[[ MATERIAL PROVIDED, beginning ]]

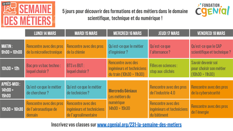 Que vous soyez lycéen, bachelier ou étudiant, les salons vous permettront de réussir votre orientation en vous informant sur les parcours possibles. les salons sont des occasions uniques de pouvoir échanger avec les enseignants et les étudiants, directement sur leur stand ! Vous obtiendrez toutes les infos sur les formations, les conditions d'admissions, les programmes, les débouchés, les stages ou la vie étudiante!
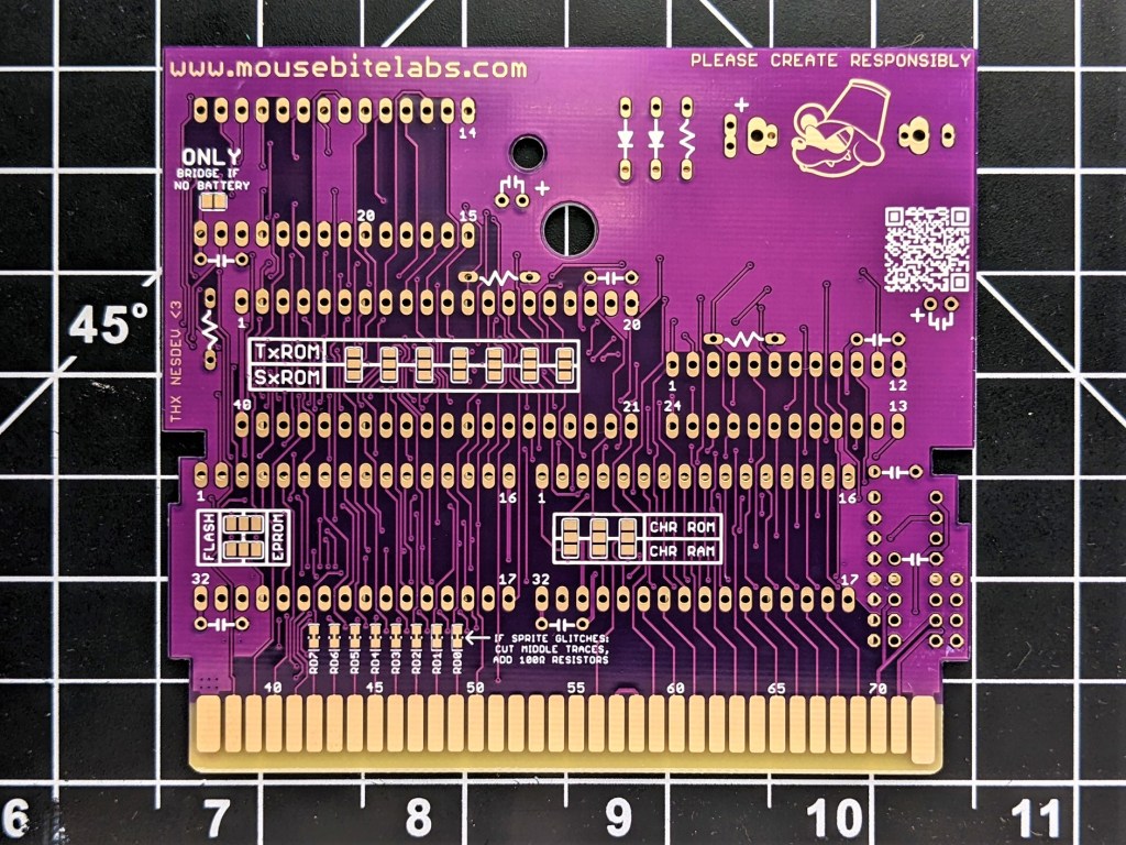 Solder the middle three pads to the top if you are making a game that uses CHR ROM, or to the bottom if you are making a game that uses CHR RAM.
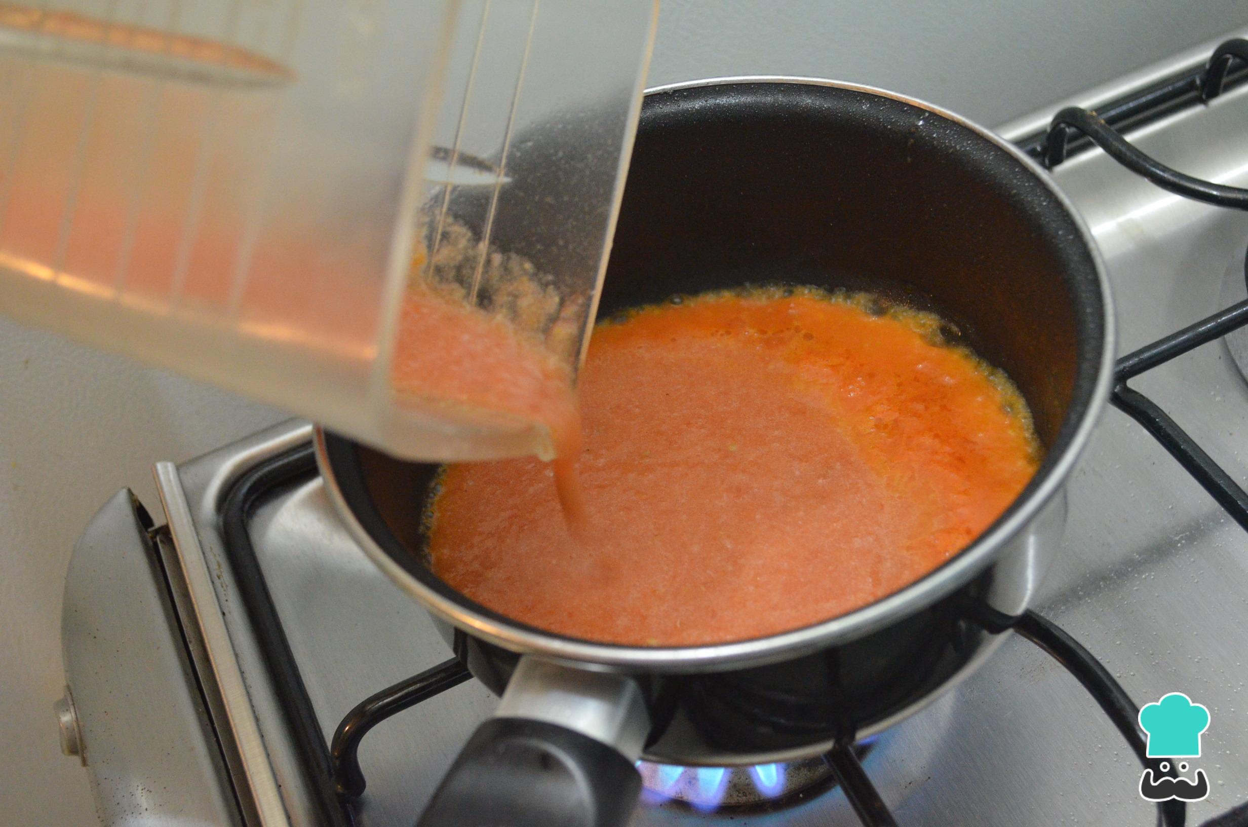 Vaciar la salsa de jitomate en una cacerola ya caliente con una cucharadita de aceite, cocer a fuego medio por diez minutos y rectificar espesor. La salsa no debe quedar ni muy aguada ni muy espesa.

[[ MATERIAL PROVIDED, end ]]
[[ MATERIAL PROVIDED, beginning ]]

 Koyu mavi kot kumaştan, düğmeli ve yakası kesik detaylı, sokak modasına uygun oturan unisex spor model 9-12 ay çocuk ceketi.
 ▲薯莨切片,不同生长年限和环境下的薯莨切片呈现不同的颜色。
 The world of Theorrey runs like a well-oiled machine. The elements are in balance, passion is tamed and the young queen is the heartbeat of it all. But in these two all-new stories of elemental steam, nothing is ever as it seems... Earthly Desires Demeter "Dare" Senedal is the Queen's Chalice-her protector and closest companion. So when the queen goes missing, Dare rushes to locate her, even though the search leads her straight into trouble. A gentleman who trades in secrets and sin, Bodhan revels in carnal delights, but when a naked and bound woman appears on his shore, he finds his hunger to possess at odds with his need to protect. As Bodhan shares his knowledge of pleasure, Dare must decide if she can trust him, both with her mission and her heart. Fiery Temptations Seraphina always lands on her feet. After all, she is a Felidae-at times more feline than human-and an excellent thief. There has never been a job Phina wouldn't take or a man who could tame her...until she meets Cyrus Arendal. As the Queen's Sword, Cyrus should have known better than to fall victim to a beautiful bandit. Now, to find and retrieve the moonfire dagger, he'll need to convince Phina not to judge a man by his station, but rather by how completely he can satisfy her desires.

[[ MATERIAL PROVIDED, end ]]
[[ MATERIAL PROVIDED, beginning ]]

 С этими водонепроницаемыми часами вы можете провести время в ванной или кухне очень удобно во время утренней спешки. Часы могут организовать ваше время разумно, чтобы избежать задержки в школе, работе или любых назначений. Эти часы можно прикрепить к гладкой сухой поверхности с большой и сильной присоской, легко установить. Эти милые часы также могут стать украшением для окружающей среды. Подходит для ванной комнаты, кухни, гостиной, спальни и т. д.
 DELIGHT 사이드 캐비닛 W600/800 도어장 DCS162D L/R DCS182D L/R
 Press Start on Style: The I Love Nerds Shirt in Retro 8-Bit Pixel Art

[[ MATERIAL PROVIDED, end ]]

— THE TASK —
Working from the entries above, please transcribe only the lines from the line with "Solder the middle" through the line with "Vaciar la salsa", exactly, with both end lines and without pictures.

— ANSWER SECTION —
 Solder the middle three pads to the top if you are making a game that uses CHR ROM, or to the bottom if you are making a game that uses CHR RAM.
 Vaciar la salsa de jitomate en una cacerola ya caliente con una cucharadita de aceite, cocer a fuego medio por diez minutos y rectificar espesor. La salsa no debe quedar ni muy aguada ni muy espesa.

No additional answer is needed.